Cilk Plus does not meet Performance Expectations

Changming_X_ · ‎06-16-2016

I wrote a benchmark testing a parallel Longest Common Subsequence algorithm. It uses a dynamic divide and conquer method with a 2 Dimensional Array. It does not get the expected speedup when running on increasing worker amount.

The basic method code looks as follows:

void LCSsectsolve(int ** stor, int startX, int startY, int width){
	for(int i = startX; i < startX + width; ++i){
		for(int j = startY; j < startY + width; ++j){
			if(a[i-1] == b[j-1]){
				stor = stor[i-1][j-1] + 1;
			} else {
				stor = std::max(stor[i-1], stor[j-1]);
			}
		}
	}
}

int parallelNEWdivLCS(int ** stor, int startX, int startY, int width, int base){
	if(width <= base){
		LCSsectsolve(stor, startX, startY, width);
	} else {
		parallelNEWdivLCS(stor, startX, startY, width/2, base);
		cilk_spawn parallelNEWdivLCS(stor, startX + width/2, startY, width/2, base);
		parallelNEWdivLCS(stor, startX, startY + width/2, width/2, base);
		cilk_sync;
		parallelNEWdivLCS(stor, startX + width/2, startY + width/2, width/2, base);
	}
	return stor[startX + width - 1][startY + width - 1];
}

The code runs as expected (similarly to serial) for a single worker, and gets roughly expected speedup for 2 and 4 workers, but only gets about 6x speedup for 8 workers, and does similarly if not worse and 16 and 32 workers. I have tried a variety of base cases and sizes of test cases, but none seem to improve the performance.
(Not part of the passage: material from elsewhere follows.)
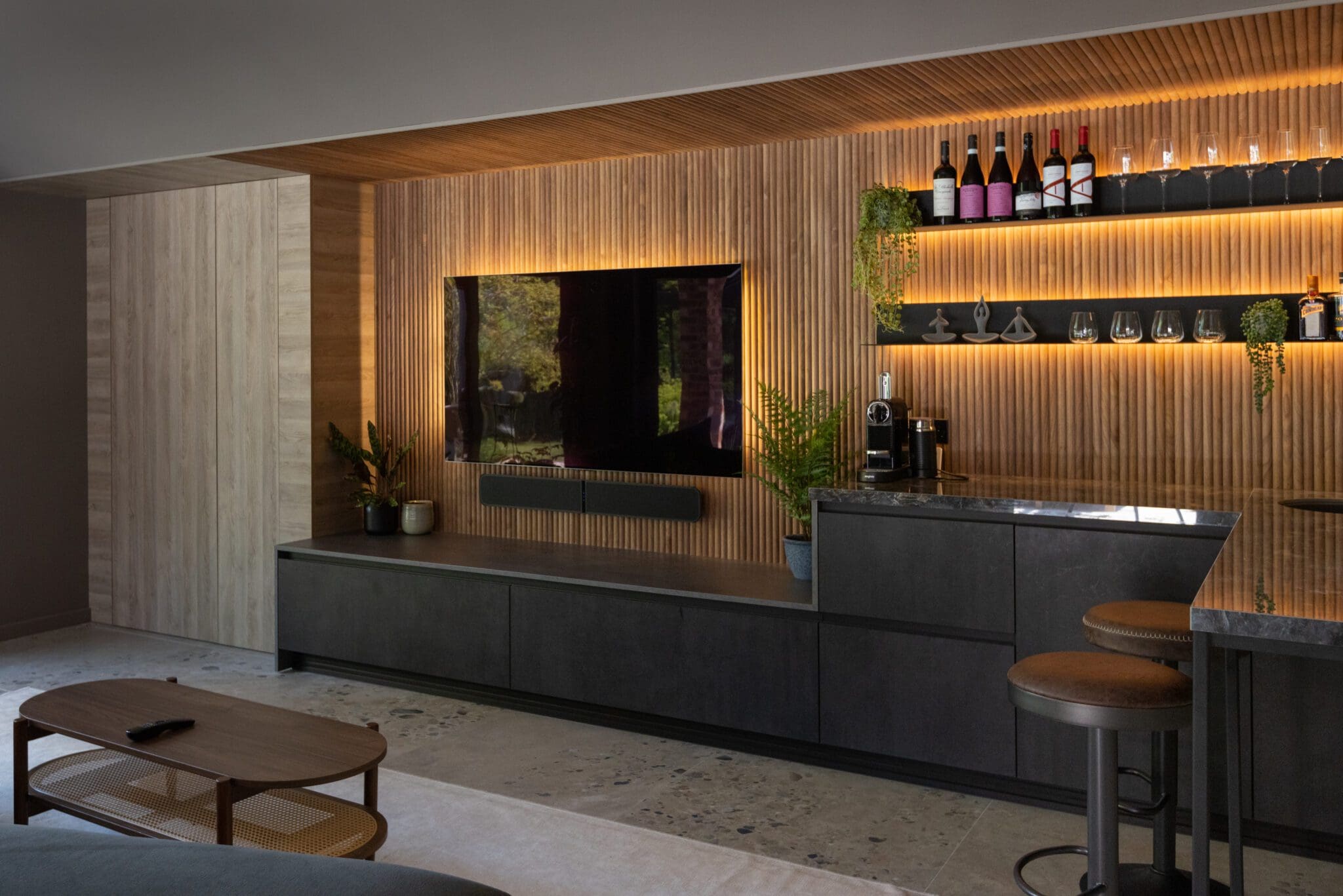 The detached garage was extended and converted into a self-contained annex with a media suite, discreet home office, and guest bedroom with bathroom.

Using a variety of performance measuring techniques (perf, PAPI) I have determined that the work in the base cases seems about constant. I believe that I should have enough parallelism and work in order to expect better speedup. Enabling cilk_profile tells me that the time spent in the system scheduler seems high as the workers only spend about 30% of there time doing work. If you disable the cilk_yield call in the scheduler, it seems like most of the time is spent on trying but failing to steal work.
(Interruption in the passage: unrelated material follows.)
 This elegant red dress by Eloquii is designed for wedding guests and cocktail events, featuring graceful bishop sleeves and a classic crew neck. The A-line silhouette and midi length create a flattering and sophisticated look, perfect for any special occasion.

I am running on x86_64 GNU/Linux non-hyperthreaded 32 cores of Intel(R) Xeon(R) CPU E5-4620 0 @ 2.20GHz with LLVM-Cilk.

I have also tried making the storage a 1 Dimensional array to increase locality but it does not change the performance. I can provide full code if needed as well as run any tests you think may help determine this issue or answer any clarification questions.

Thanks in Advance!

TimP · ‎06-17-2016

Could you compare against OpenMP, where you could try either to optimize scheduling and affinity or to approximate the scheduling expected from Cilk(tm) Plus? You might expect thread/worker affinity to be needed for scaling across CPUs, assuming that you have a 4-CPU platform. Intensive work stealing might not be an effective strategy when it is possible to schedule work and affinity in advance; a contrary expectation might be unrealistic.

As you have a situation apparently involving potential cache line prefetch sharing among adjacent threads or workers, OMP_PROC_BIND=close might improve performance.

The E5 4-CPU platform can be frustrating when attempting to scale a threading performance model across CPUs. Customers tend not to read the fine print when deploying these (not even noticing that it is a NUMA platform). It may be better suited to a multi-level parallelism model using a distributed memory model such as MPI to run an independent process on each CPU.

jimdempseyatthecove · ‎06-17-2016

The problem with scaling you are observing with LCDSsectsolve is that the compute section has very little computation as compared to memory fetch and store. IOW the function is memory bandwidth limited.

*** Also, more importantly ***

Due to temporal requirements, the algorithm as written cannot be parallelized (and produce the correct result).

The stor=... values are dependent upon prior (iteration) written elements to stor.

Jim Dempsey